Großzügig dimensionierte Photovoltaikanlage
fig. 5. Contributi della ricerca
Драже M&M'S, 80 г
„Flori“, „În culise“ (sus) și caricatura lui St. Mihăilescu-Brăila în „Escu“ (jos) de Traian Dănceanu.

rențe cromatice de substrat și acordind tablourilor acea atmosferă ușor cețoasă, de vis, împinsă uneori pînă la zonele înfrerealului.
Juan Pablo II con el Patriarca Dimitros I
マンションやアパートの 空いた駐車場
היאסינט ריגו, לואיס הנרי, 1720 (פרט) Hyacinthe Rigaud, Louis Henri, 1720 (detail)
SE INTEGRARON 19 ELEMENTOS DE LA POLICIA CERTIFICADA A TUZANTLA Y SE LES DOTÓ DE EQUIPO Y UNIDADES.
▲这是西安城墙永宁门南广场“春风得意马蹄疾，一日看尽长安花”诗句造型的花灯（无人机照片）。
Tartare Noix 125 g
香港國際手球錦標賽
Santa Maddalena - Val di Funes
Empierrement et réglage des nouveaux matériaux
--
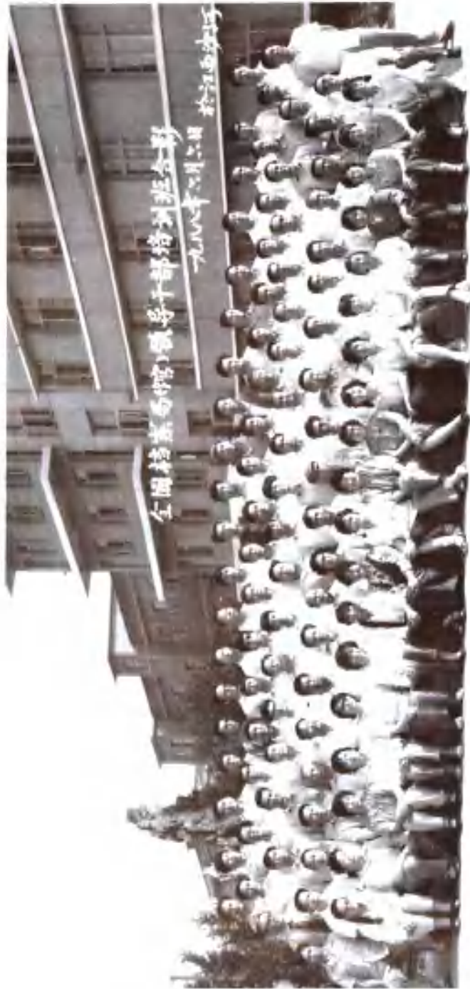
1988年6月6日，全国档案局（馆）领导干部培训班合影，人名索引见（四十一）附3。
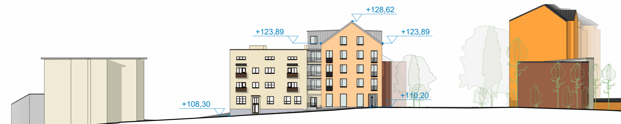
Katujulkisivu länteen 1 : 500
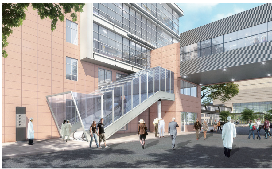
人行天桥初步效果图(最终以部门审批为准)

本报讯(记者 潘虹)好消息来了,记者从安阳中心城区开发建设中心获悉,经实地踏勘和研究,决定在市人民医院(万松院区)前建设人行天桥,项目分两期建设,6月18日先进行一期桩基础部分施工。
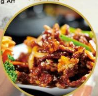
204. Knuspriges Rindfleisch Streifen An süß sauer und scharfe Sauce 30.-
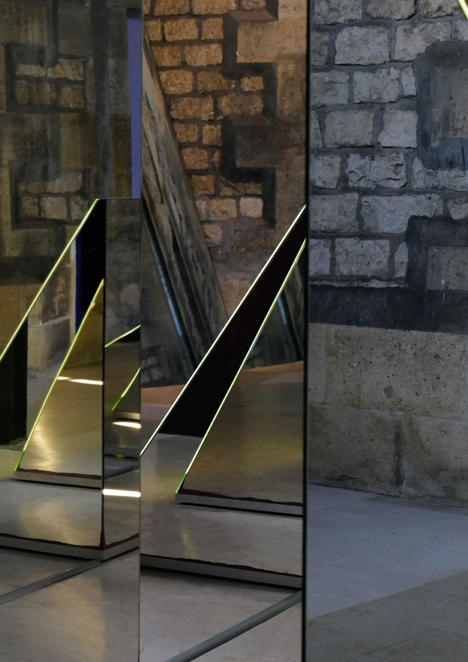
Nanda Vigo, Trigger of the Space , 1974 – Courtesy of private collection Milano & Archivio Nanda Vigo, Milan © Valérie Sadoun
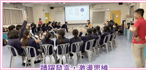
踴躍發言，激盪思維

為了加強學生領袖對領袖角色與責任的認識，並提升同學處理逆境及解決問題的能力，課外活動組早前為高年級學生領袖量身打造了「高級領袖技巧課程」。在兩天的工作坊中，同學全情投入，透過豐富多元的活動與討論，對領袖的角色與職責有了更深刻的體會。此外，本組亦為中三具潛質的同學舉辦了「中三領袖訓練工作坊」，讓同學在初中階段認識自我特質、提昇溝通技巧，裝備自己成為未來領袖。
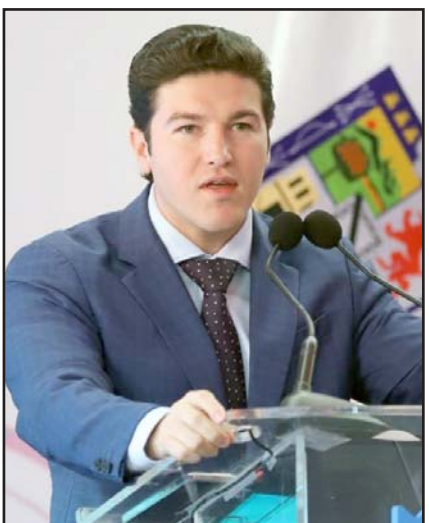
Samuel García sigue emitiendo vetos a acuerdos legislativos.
--
■ EXERCISE BRIEF
Out of the listing above, reproduce exactly the lines from the one with "Großzügig dimensionierte Photovoltaikanlage" up to and including the one with "Juan Pablo II con el Patriarca Dimitros I".

■ ANSWER FOR THE TASK
Großzügig dimensionierte Photovoltaikanlage
fig. 5. Contributi della ricerca
Драже M&M'S, 80 г
„Flori“, „În culise“ (sus) și caricatura lui St. Mihăilescu-Brăila în „Escu“ (jos) de Traian Dănceanu.

rențe cromatice de substrat și acordind tablourilor acea atmosferă ușor cețoasă, de vis, împinsă uneori pînă la zonele înfrerealului.
Juan Pablo II con el Patriarca Dimitros I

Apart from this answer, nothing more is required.